What needs to be done –
Once the line holding "LEON DELACHAUX (SWISS" is written out, stop; begin at the first line of the material below and retype exactly, dropping pictures.

Data below –
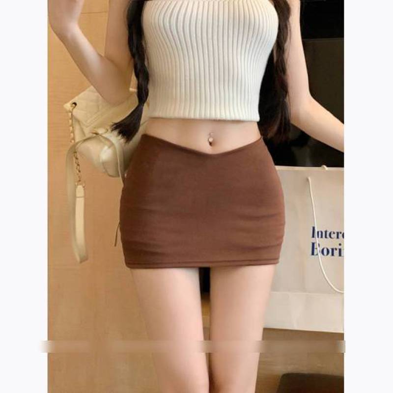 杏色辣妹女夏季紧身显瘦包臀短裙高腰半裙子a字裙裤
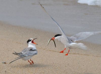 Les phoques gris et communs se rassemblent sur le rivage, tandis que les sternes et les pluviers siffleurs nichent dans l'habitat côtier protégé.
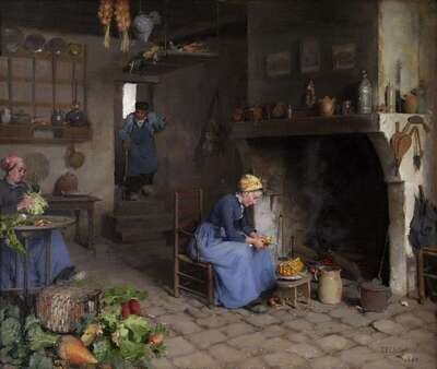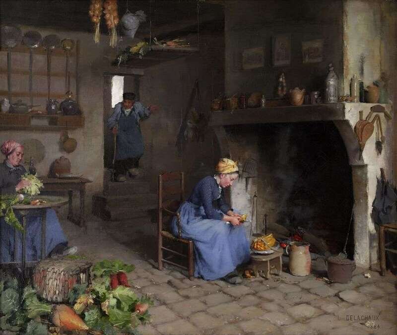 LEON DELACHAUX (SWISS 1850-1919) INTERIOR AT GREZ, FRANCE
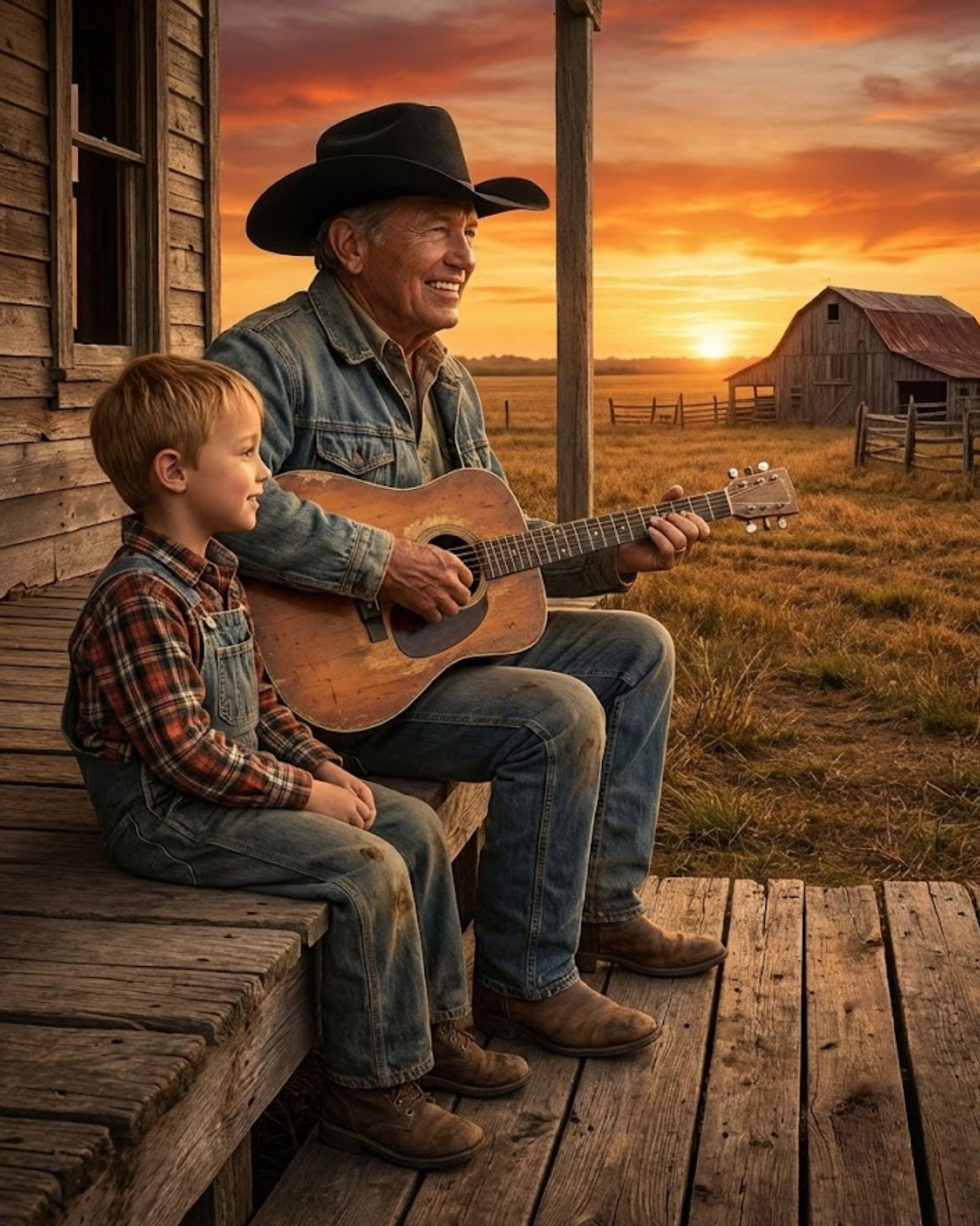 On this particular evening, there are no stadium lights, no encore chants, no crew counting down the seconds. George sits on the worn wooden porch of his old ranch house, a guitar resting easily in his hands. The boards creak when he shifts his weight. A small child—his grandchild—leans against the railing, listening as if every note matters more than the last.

Written solution –
 杏色辣妹女夏季紧身显瘦包臀短裙高腰半裙子a字裙裤
 Les phoques gris et communs se rassemblent sur le rivage, tandis que les sternes et les pluviers siffleurs nichent dans l'habitat côtier protégé.
 LEON DELACHAUX (SWISS 1850-1919) INTERIOR AT GREZ, FRANCE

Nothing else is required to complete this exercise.